## Exercise brief:
Using the data below, restate exactly every line from the one with "Last move : 1-0" up to and including the one with "В этот же день". No picture belongs in it.

## Information given:
↓↓↓

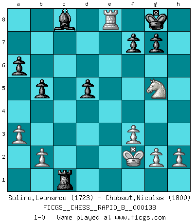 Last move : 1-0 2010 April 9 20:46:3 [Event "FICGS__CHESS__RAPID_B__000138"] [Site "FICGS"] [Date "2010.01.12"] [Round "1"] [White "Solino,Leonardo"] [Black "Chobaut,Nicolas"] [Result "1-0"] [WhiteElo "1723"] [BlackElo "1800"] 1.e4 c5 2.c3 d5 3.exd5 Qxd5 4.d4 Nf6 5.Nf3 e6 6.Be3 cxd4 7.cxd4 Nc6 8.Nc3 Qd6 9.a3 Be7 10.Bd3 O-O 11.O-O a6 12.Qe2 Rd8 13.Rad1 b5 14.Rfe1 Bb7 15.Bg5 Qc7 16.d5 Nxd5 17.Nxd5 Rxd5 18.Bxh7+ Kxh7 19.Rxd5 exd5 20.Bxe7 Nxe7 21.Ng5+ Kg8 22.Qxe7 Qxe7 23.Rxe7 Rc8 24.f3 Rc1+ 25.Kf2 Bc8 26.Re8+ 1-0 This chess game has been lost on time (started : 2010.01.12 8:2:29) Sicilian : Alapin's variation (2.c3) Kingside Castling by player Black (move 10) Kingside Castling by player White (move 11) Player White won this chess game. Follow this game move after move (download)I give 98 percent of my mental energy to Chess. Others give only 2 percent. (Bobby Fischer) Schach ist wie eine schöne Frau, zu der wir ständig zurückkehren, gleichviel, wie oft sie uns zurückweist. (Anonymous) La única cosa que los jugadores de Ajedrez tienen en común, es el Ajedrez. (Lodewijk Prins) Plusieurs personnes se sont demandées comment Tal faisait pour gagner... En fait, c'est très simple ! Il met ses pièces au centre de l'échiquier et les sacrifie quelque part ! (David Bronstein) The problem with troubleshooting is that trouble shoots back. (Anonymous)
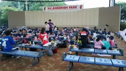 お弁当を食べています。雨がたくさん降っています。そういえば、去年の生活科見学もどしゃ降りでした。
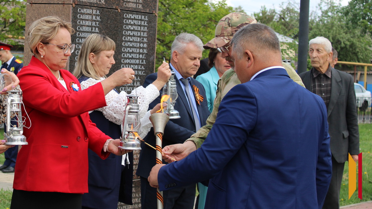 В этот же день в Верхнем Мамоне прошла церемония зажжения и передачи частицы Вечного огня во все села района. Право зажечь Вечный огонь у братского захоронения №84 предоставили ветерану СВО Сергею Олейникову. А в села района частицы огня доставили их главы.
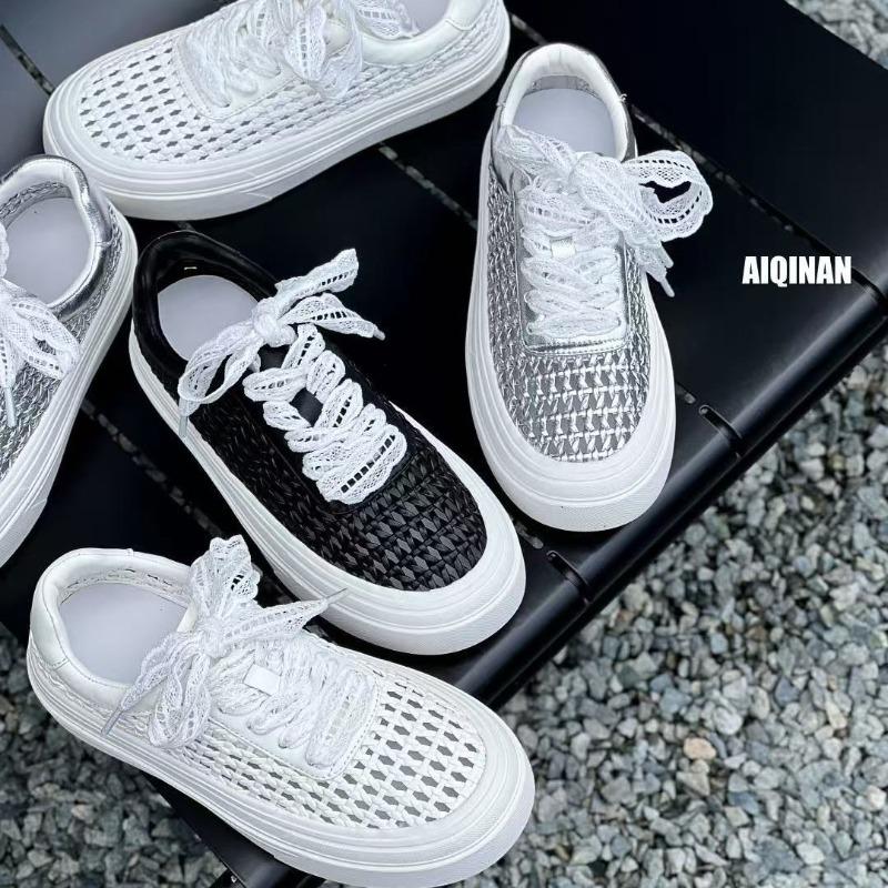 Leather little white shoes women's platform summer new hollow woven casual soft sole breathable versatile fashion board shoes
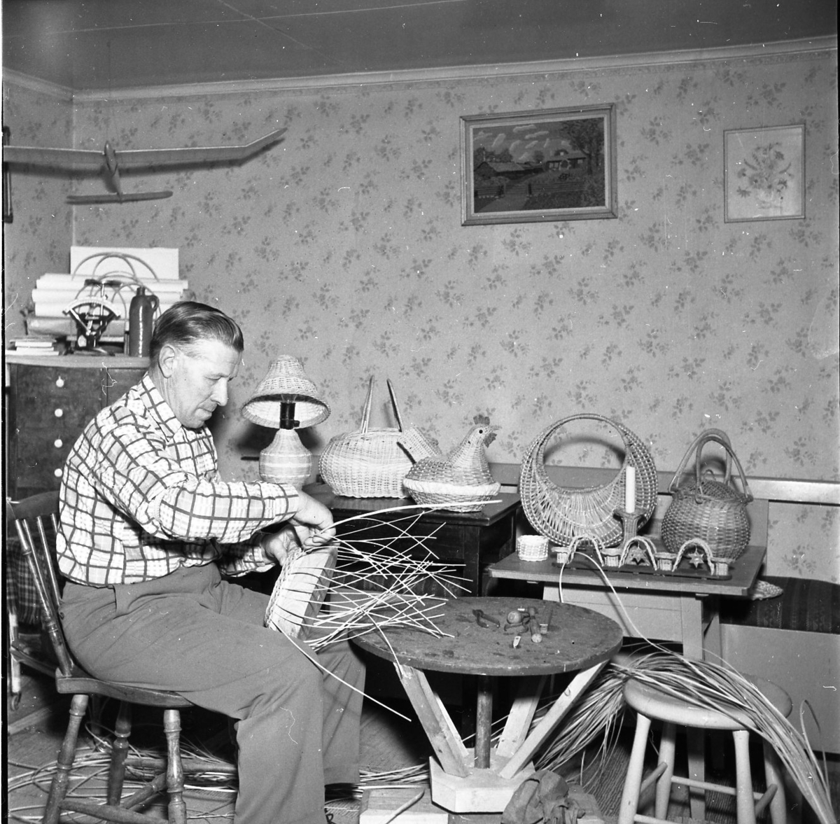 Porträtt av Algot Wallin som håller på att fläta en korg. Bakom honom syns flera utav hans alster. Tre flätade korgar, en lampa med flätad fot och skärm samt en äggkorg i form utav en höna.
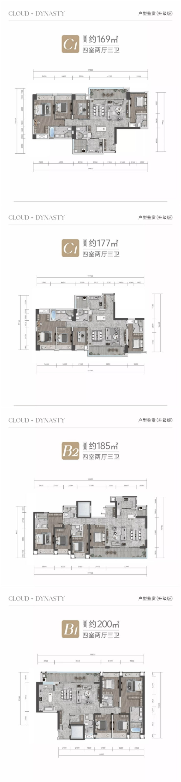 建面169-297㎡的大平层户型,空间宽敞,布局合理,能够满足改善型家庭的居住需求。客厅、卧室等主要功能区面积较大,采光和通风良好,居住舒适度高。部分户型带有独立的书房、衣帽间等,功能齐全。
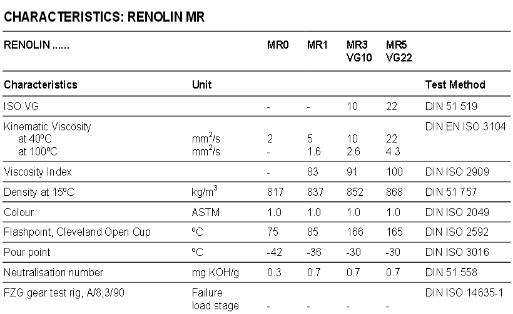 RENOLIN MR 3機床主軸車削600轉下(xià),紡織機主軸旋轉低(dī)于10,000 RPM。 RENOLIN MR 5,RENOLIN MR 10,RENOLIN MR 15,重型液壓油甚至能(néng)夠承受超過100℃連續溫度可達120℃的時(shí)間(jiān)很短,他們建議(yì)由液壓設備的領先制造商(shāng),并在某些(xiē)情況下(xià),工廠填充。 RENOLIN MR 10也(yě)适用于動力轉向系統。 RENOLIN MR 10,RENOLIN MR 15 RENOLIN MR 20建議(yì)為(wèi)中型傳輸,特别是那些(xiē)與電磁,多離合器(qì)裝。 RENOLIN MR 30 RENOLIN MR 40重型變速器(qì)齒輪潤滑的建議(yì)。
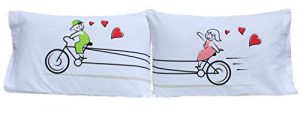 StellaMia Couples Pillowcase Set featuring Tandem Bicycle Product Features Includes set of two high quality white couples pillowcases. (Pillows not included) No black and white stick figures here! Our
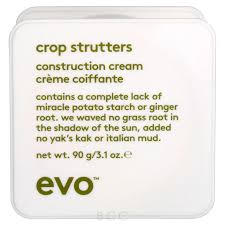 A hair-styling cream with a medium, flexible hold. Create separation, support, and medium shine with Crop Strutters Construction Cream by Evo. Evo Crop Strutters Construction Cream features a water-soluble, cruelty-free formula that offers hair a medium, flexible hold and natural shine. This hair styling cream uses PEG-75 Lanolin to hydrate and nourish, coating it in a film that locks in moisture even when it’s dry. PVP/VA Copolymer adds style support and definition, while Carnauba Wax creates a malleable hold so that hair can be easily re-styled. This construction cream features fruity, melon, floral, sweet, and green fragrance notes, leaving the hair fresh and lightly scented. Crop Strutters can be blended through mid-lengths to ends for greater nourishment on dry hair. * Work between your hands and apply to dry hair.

↑↑↑
↓↓↓

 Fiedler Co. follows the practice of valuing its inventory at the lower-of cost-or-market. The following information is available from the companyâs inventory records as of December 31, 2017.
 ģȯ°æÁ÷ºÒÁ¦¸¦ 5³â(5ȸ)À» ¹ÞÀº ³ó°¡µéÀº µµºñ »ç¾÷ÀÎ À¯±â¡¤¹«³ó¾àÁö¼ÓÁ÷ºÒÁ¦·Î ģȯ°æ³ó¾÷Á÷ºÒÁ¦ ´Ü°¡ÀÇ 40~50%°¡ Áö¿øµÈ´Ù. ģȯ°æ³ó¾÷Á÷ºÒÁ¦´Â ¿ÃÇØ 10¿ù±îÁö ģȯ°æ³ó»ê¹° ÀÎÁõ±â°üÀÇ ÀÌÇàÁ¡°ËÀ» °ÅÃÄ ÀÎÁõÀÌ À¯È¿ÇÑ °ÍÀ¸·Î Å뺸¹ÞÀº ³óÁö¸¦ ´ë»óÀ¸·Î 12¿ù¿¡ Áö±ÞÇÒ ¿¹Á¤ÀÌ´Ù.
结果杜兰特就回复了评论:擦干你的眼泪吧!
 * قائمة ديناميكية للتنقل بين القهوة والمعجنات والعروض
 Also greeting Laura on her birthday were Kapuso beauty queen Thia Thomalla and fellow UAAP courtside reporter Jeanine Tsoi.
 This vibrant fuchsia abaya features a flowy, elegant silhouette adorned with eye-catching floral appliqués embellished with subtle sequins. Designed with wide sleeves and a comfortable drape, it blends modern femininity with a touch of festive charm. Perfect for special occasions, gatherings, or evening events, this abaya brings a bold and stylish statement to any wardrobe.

↑↑↑
↓↓↓

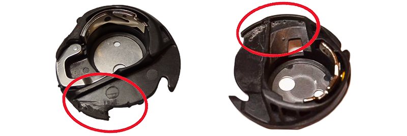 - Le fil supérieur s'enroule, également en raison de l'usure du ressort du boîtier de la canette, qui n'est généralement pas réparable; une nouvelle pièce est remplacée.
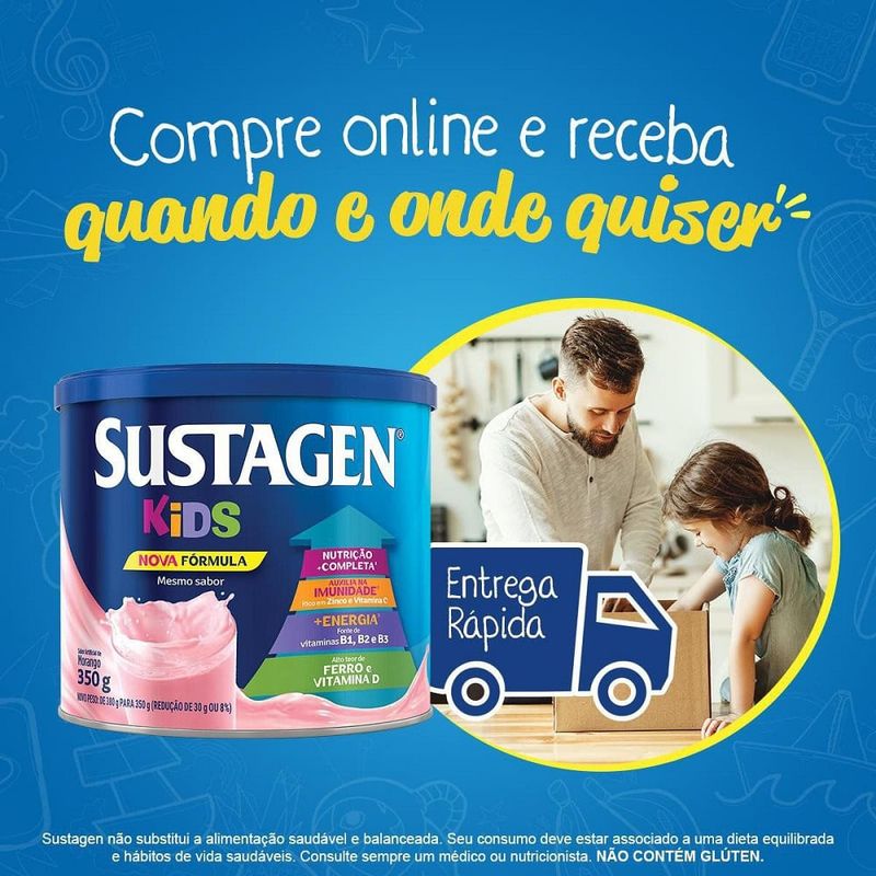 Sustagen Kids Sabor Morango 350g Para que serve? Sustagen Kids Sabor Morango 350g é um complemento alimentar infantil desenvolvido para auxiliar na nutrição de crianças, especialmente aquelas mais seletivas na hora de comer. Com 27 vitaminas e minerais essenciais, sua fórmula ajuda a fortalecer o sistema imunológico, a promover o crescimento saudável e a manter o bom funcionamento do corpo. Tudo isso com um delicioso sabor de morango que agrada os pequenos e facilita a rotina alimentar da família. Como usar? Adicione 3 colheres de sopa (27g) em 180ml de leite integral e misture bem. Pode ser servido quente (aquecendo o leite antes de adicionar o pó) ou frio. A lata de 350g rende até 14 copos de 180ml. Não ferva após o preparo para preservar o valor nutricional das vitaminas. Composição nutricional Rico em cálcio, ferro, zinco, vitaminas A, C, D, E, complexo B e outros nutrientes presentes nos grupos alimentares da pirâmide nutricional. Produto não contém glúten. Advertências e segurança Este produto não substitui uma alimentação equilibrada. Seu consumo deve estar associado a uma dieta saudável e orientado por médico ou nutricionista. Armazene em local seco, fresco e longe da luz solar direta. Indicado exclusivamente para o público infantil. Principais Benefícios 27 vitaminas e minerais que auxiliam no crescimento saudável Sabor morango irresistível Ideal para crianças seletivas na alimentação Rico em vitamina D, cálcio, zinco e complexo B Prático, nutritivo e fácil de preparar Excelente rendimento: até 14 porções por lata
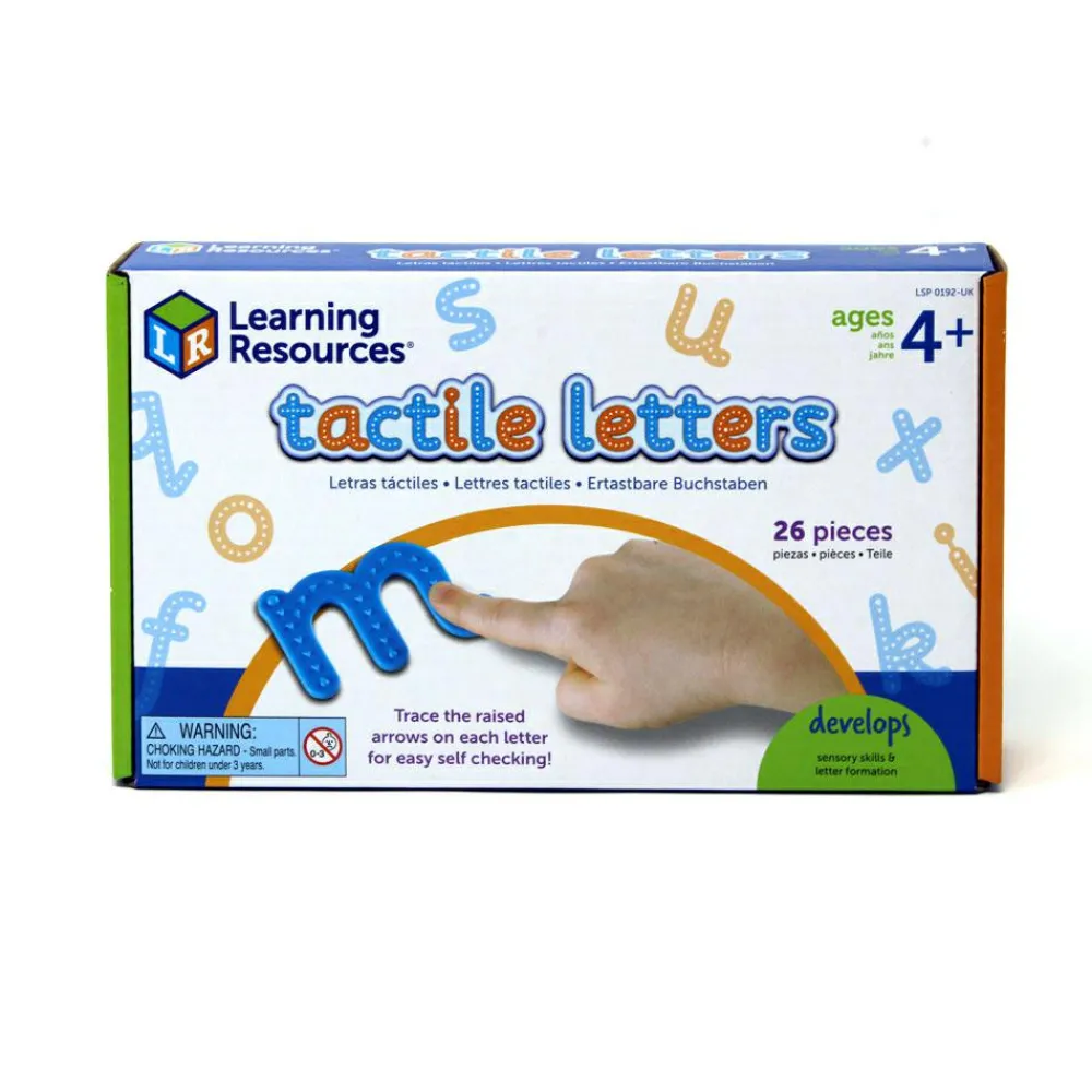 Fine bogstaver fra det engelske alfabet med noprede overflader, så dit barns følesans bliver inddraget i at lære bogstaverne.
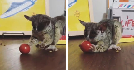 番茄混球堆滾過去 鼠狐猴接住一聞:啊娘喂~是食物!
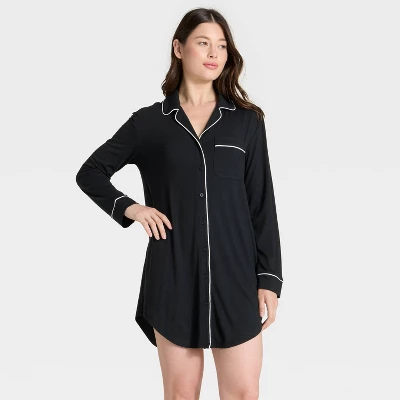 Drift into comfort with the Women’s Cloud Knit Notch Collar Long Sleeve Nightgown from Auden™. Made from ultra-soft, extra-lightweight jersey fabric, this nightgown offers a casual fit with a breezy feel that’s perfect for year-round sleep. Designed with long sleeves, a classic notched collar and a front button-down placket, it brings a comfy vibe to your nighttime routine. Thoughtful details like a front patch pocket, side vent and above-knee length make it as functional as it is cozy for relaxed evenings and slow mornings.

↑↑↑

## Output of the exercise:
 Last move : 1-0 2010 April 9 20:46:3 [Event "FICGS__CHESS__RAPID_B__000138"] [Site "FICGS"] [Date "2010.01.12"] [Round "1"] [White "Solino,Leonardo"] [Black "Chobaut,Nicolas"] [Result "1-0"] [WhiteElo "1723"] [BlackElo "1800"] 1.e4 c5 2.c3 d5 3.exd5 Qxd5 4.d4 Nf6 5.Nf3 e6 6.Be3 cxd4 7.cxd4 Nc6 8.Nc3 Qd6 9.a3 Be7 10.Bd3 O-O 11.O-O a6 12.Qe2 Rd8 13.Rad1 b5 14.Rfe1 Bb7 15.Bg5 Qc7 16.d5 Nxd5 17.Nxd5 Rxd5 18.Bxh7+ Kxh7 19.Rxd5 exd5 20.Bxe7 Nxe7 21.Ng5+ Kg8 22.Qxe7 Qxe7 23.Rxe7 Rc8 24.f3 Rc1+ 25.Kf2 Bc8 26.Re8+ 1-0 This chess game has been lost on time (started : 2010.01.12 8:2:29) Sicilian : Alapin's variation (2.c3) Kingside Castling by player Black (move 10) Kingside Castling by player White (move 11) Player White won this chess game. Follow this game move after move (download)I give 98 percent of my mental energy to Chess. Others give only 2 percent. (Bobby Fischer) Schach ist wie eine schöne Frau, zu der wir ständig zurückkehren, gleichviel, wie oft sie uns zurückweist. (Anonymous) La única cosa que los jugadores de Ajedrez tienen en común, es el Ajedrez. (Lodewijk Prins) Plusieurs personnes se sont demandées comment Tal faisait pour gagner... En fait, c'est très simple ! Il met ses pièces au centre de l'échiquier et les sacrifie quelque part ! (David Bronstein) The problem with troubleshooting is that trouble shoots back. (Anonymous)
 お弁当を食べています。雨がたくさん降っています。そういえば、去年の生活科見学もどしゃ降りでした。
 В этот же день в Верхнем Мамоне прошла церемония зажжения и передачи частицы Вечного огня во все села района. Право зажечь Вечный огонь у братского захоронения №84 предоставили ветерану СВО Сергею Олейникову. А в села района частицы огня доставили их главы.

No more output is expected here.